3. Knife (cononization). The tissue is taken by means of a hardware wedge-shaped excision of a tissue fragment. The method is used not only for diagnosis, but also for the treatment of pathological areas (their removal).
A biopsy of the uterine neck requires a preliminary series of tests (blood tests for HIV, RV, hepatitis, smears for infections). If there are no contraindications to the procedure, the woman signs a consent to the operation. The patient is obliged to tell the doctor about her allergic reactions to iodine, medicines, latex, if any. In addition, it is necessary to notify the doctor about pregnancy. To reduce the risk of complications after the procedure, it is worth using the recommendations of gynecologists:
- don’t inject any drugs into the vagina 2-3 days before surgery;
- refrain from sex a couple of days before analysis;
- do not use tampons, refuse douching;
- take a shower on the eve of the procedure;
- don’t eat anything 8-10 hours before the procedure;
- wait for the 7-13th day of the menstrual cycle (the count starts from the first day of your period) – this is the most favorable time for taking a puncture.
The largest number of cervical diseases is erosion of this organ. However, the doctor must make sure the diagnosis is correct, eliminating the likelihood of a simple focal inflammation, often found on the surface of the uterine neck. Patients should remember two basic rules: examination (initial examination) should be carried out exclusively through a colposcope, and an incorrect diagnosis and inappropriate treatment leads to the development of cancer.

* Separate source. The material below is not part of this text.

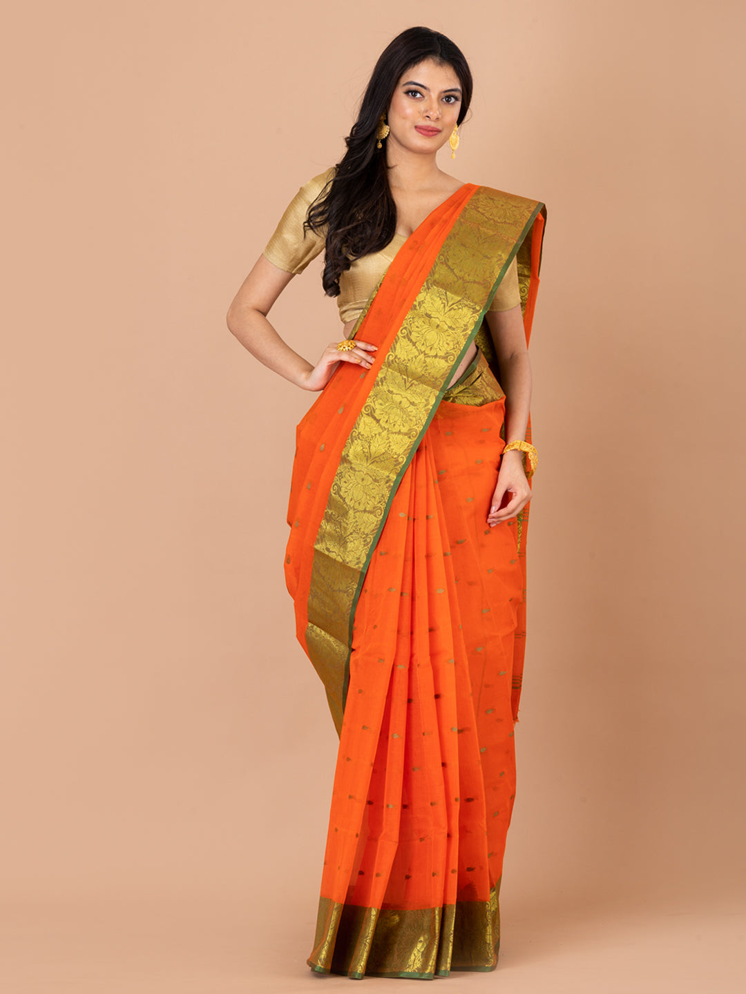 | Orange & Green pure cotton taant saree |
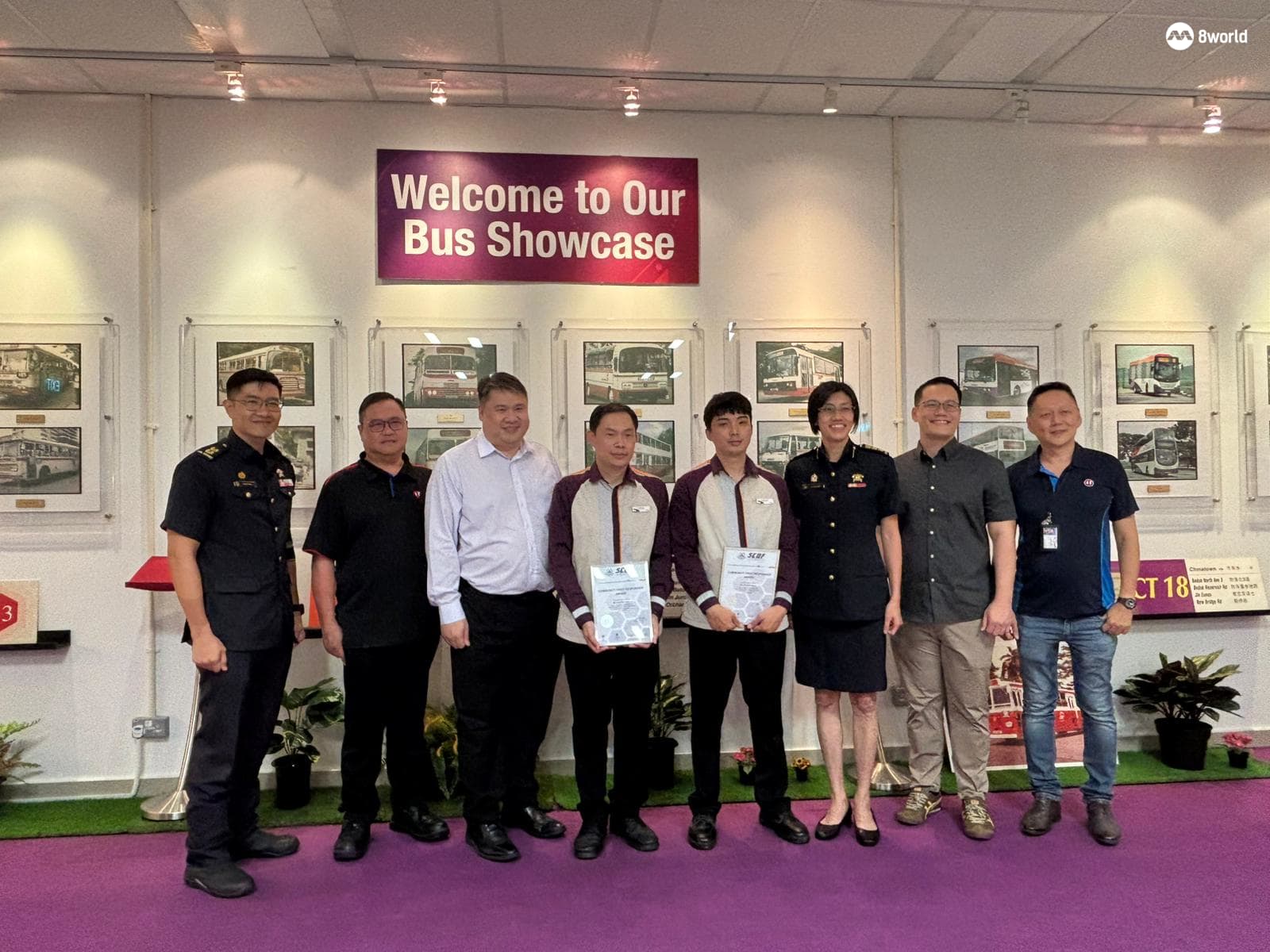 民防部队给两名巴士车长颁发社区先遣急救员奖。(图:张慧仙)

Since there are several methods for taking a puncture, the procedure may differ depending on the method chosen. If the doctor will do the operation in his own office, you will need to sit in the gynecological chair, as during a routine examination. To see the cervix, the gynecologist will insert a mirror into the vagina, direct a bright ray of light at the organ and gently take a tissue sample.
The doctor will send suspicious tissue sites for further investigation (the process is called “cervical histology”). The procedure will take no more than half an hour, after which the patient can go home. If a biopsy is performed in the hospital, it is likely that the patient will not be able to immediately return to their relatives – hospitalization for 1-2 days is required. The procedure will take 40-90 minutes, including anesthesia.
The operation may seem painful, then before taking the puncture the doctor makes an anesthetic injection. If necessary, the patient will receive a local anesthetic injection, which will reduce pain during a biopsy and curettage of the cervical canal. Operation in a hospital involves the use of anesthesia, so that the procedure is as comfortable and painful as possible. It could be:
- general anesthesia;
- epidural analgesia;
- spinal anesthesia.
Possible complications and consequences after surgery
A frequent complication after surgery is bleeding, but this problem is eliminated after 5-10 days by the body on its own, subject to the doctor’s recommendations. If you do not follow the instructions of the gynecologist regarding personal hygiene, infection of the area from which the puncture was taken may occur. Symptoms of infection – fever, purulent discharge with blood clots from the vagina, pain in the lower abdomen. If you have one or more signs of infection, contact a gynecology department immediately.